Thomas CHAFFRE

and 5 more

Deep Reinforcement Learning (DRL) methods are dominating the field of adaptive control where they are used to adapt the controller response to disturbances. Nevertheless, the usage of these methods on physical platforms is still limited due to their data inefficiency and the performance drop when facing unseen process variations. This is particularly perceived in the Autonomous Underwater Vehicles (AUVs) context as studied here, where the process observability is limited. To be effective, DRL-based AUV control systems require the use of methods that are data-efficient (in order to reach a satisfactory behavior with a sufficiently fast response time) and are resilient (to ensure robustness to severe changes in operating conditions). With this ambition, we study in this paper the effect of the Experience Replay (ER) mechanism on the performance variation of a DRL-based stochastic adaptive controller.

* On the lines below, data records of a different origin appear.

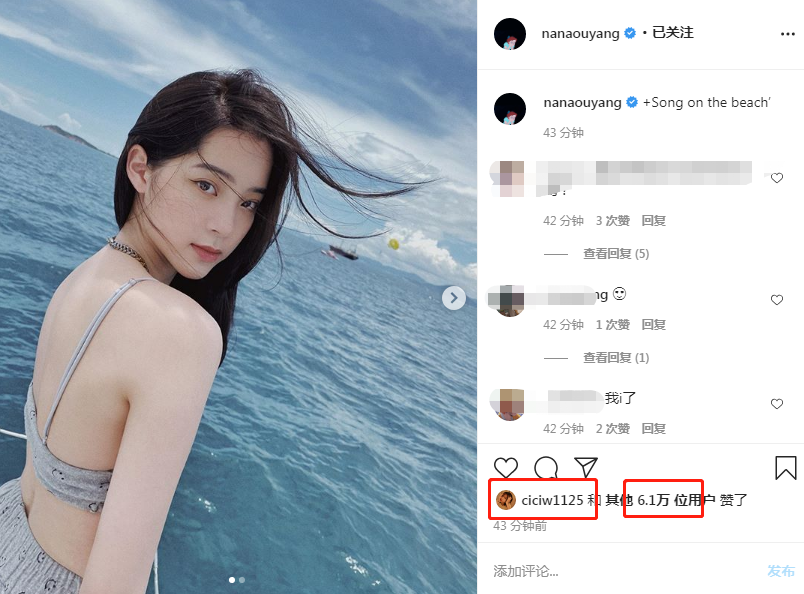 8月23日,欧阳娜娜在个人社交平台分享了两张出海游玩的美照,照片还获得了汪峰女儿小苹果的点赞。
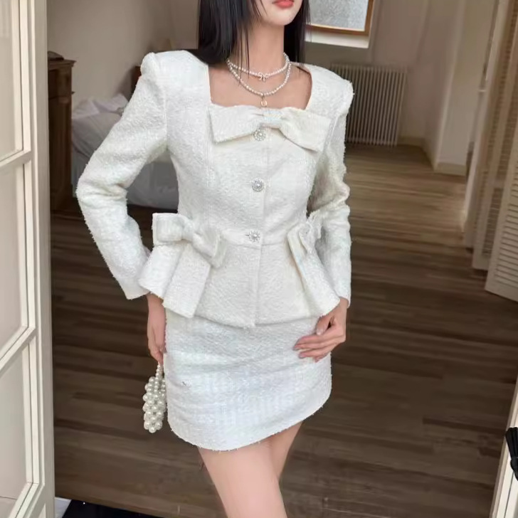 エレガントなツイード素材を使用した大人かわいい服のセットアップです。
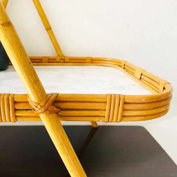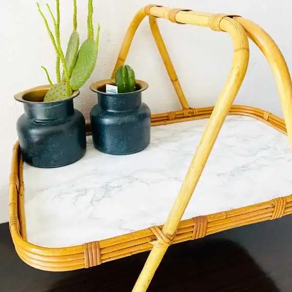Dit rotan dienblad uit de jaren 70 70is uiteraard geschikt om lekker ontbijt op bed 🥐 te serveren.Maar ook supertof om als plantenstandaard 🌿🌱☘️ te gebruiken.Het dienblad is voorzien van nieuwe marmerfolie.Het vintage boho dienblad is 51,5 cm lang, 38,5 breed en 42,5 cm hoog.
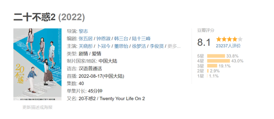 截至目前,《二十不惑2》不仅在豆瓣已斩获8.1的好成绩,还成了都市剧口碑TOP 1。
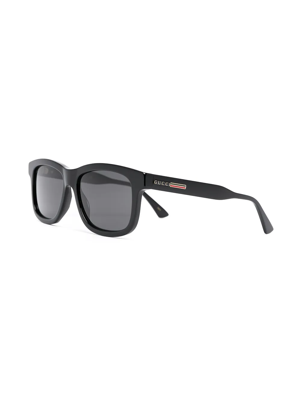 색상: 블랙. 사각 프레임, 틴트 렌즈, 끝을 구부린 디자인, 로고 플라크 안경 다리. 보호 케이스가 포함된 상품입니다.
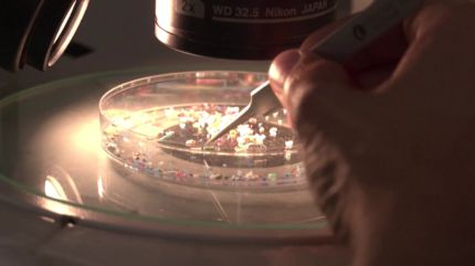 임신한 생쥐가 폴리에틸렌으로 이뤄진 미세플라스틱 젤리를 먹습니다.
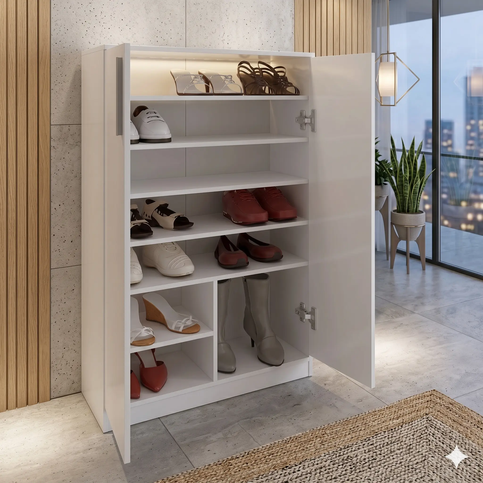 - سعة تخزين كبيرة: تحتوي على أرفف داخلية قابلة للتعديل أو بنظام "القلاب" الذكي لتستوعب أكبر عدد من الأحذية بمختلف الأحجام.
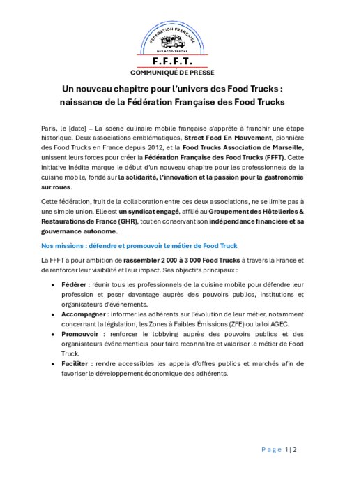 La scène culinaire mobile française s’apprête à franchir une étape historique. Deux associations emblématiques, Street Food En Mouvement, pionnière des Food Trucks en France depuis 2012, et la Food Trucks Association de Marseille, unissent leurs forces pour créer la Fédération Française des Food Trucks (FFFT). Cette initiative inédite marque le début d’un nouveau chapitre pour les professionnels de la cuisine mobile, fondé sur la solidarité, l’innovation et la passion pour la gastronomie sur roues.
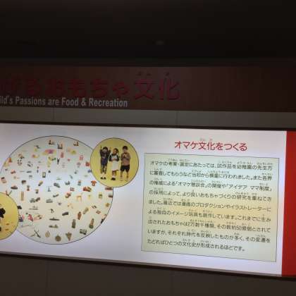 私にとってグリコといえば、「オマケ」のイメージがあり、いつの時代にも小さなおもちゃがついてた記憶があります。時代ごとの「オマケ」がたくさん展示されており、生徒達も熱心に見入っていました。
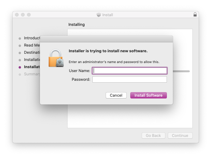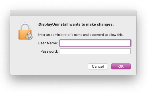- Las siguientes dos ventanas aparecen casi simultáneamente. Antes de introducir las credenciales administrativas, es necesario atender el acceso desde System Preferences.
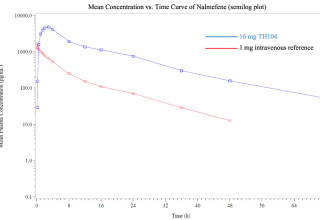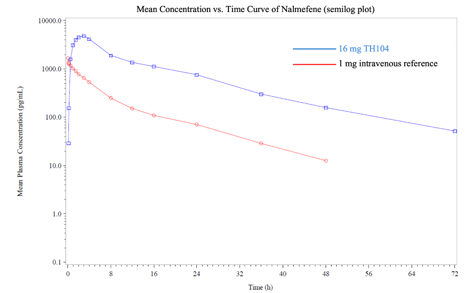 Findings from the study indicate that the primary endpoint of the absolute bioavailability (F) of TH104, or fraction (or percentage) of the administered dose absorbed into the systemic circulation compared to an equivalent intravenous dose of nalmefene, was 0.459 (45.9%). The median time to maximum concentration (Cmax) of TH104 was 2.0 hours, with rising concentrations beginning within minutes of dosing. The mean half-life (T1/2) as measured in the blood of subjects was 14 hours after a single buccal administration of TH104, compared to 9 hours for the 1mg intravenous dose of nalmefene.
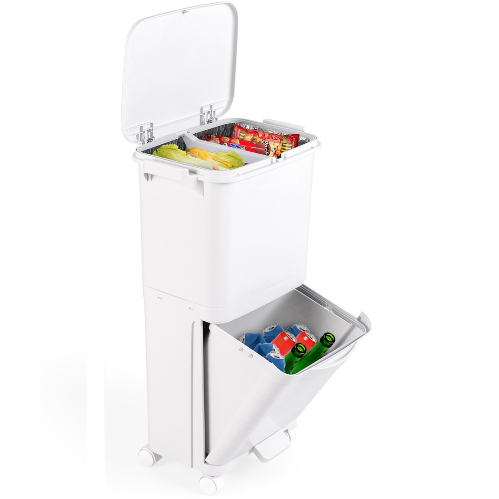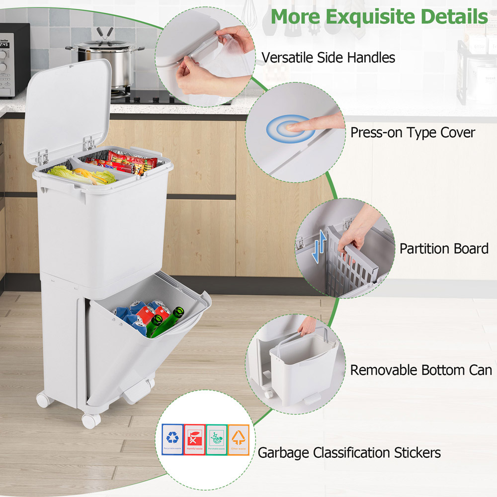 Effortlessly manage your waste with the innovative 2-Tier Trash Can, featuring a tilt-designed bottom bin and lockable wheels for ultimate convenience. This versatile trash can is equipped with three compartments, allowing for efficient sorting of residual waste, household food waste, and recyclables. The raised height design ensures easy disposal without the need to bend, while the robust PP construction provides durability. With a generous 40L capacity, it's ideal for compact spaces in the living room, kitchen, or dining room. Additional features include a press-on type cover, garbage classification stickers, and a removable bin for straightforward cleaning, making it a practical and essential household item.

We propose a new ER method (denoted as BIER) that takes inspiration from the biological Replay Mechanism and compare it to the standard method denoted as CER. We apply it to the Soft Actor-Critic, a maximum entropy DRL algorithm, for use with an AUV maneuvering task that consists in stabilizing the vehicle at a given velocity and pose. The training results show that our BIER method exceeds the performance of the nonadaptive optimal model-based counterpart of the controller in less than half the number of episodes compared to CER. We proposed different evaluation scenarios of increasing complexity as measured by desired velocity value and amplitude of current disturbance. Our results suggest that the BIER method achieves improved learning stability and better generalization abilities.